Batu nodded in approval of the questioning, "Each station holds a minimum reserve sized against the expected document volume on its route. Mahmud’s office projects the volume from the accounts outstanding committed amounts, route by route. When a station’s reserve approaches the minimum threshold, the civilian network sends a replenishment notification to Sarai and the accounts office moves silver to the station before the next distribution cycle."

"And if a document is lost on the road?" Saran took notes and moved on to the next topic.

Batu continued to answer calmly, "The merchant reports the loss to Mahmud’s office with the serial number. The number goes on the canceled list and distributed to all stations on the next relay cycle. From that point, no station honors a document carrying that number, whether it was lost or stolen."

Saran looked at the table for a moment, then looked at Batu with flat inquiry. "It can work, but it won’t be perfect. If a group of bandits or dishonorable merchants acts fast enough, they can fraud the system before the accounts offices and stations update their serial numbers."

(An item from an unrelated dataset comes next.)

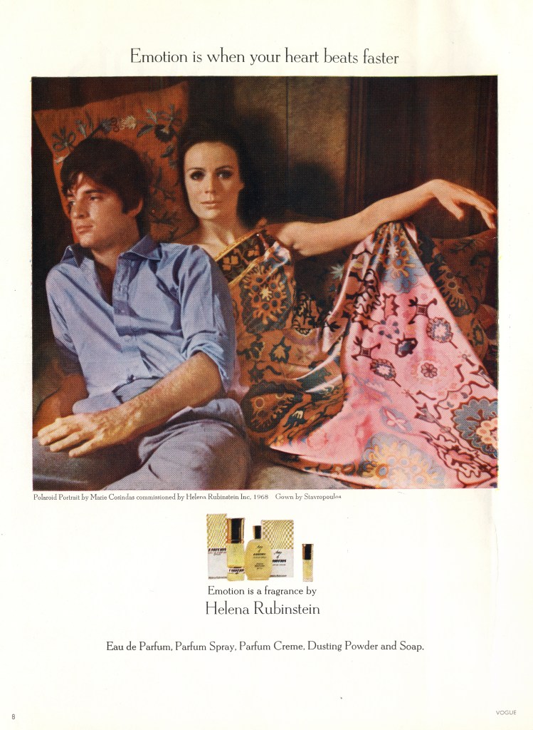 Emotion by Helena Rubenstein Hair and make-up, Helena Rubenstein, Make-up, Marie Cosindas, Stavropoulos, Vintage Adverts, Vogue Polaroid Portrait by Marie Cosindas commissioned by Helena Rubinstein Inc. 1968. Gown by Stavropoulos. Scanned from Vogue, July 1969. Share and share alike: Click to share on X (Opens in new window) X Click to share on Facebook (Opens in new window) Facebook Click to email a link to a friend (Opens in new window) Email Click to share on LinkedIn (Opens in new window) LinkedIn Click to share on Tumblr (Opens in new window) Tumblr Click to share on Pinterest (Opens in new window) Pinterest Click to share on Reddit (Opens in new window) Reddit Like Loading...

"I believe the same, but the revenue it will bring should offset the losses." Khulgen intervened.

He had his document case open and had been writing while the exchanges ran. "With a fee for every exchange, silver deposited and document issued and proper surveillance, any fraud problems should not aggregate enough to justify not implementing the system."

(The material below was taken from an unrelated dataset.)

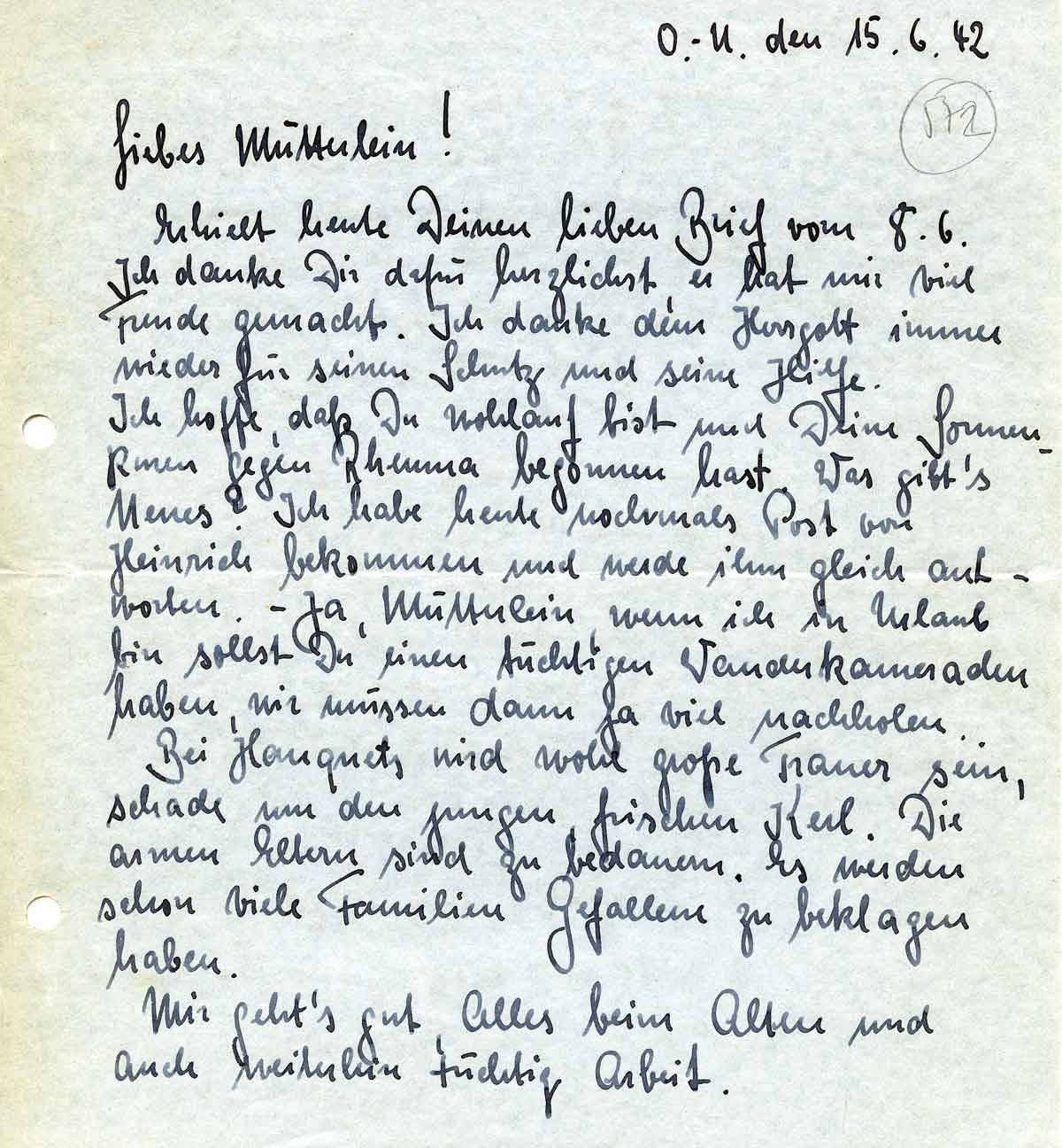 Rudolf Schmitz an Mutter Anna, 15. Juni 1942

He closed the case with the motion whose next task was clear.

"These... letters of credit can be drafted before the end of the week."

Saran shrugged with a sigh, "That covers it."

Khulgen gathered his materials and went out with the next item in his head before the current one had finished.

The administrative building was left behind, the daily work done.

Batu and Saran walked out into the street together, the Khar Kheshig around them.

The afternoon was past its peak heat, the light flat and long across the road between the administrative quarter and the market district.

The foot traffic was what it was at this hour, people moving with purpose, the ordinary density of a city that had been running its day for hours and had not finished yet.

They walked through it without ceremony, and the road made room for them, some due respect, others due necessity, a few due fear.

At the corner where the market road met a side street that stretched toward the workshop district, two men were deep in a conversation that had clearly been happening for some time.

One wore a merchant’s coat and had a wrapped bundle balanced under his arm.

The other had the burned forearms and dark-stained hands of a metalworker, and he was gesturing east toward the workshop district, saying something about a piece of bronze he was having cast.

The merchant was asking about the price. He sounded interested by what he was hearing.

Neither of them looked at the two people passing them because there were plenty of other people on this road, and a few more made no particular difference.

The city moved around them, going about the business it had learned to go about on its own.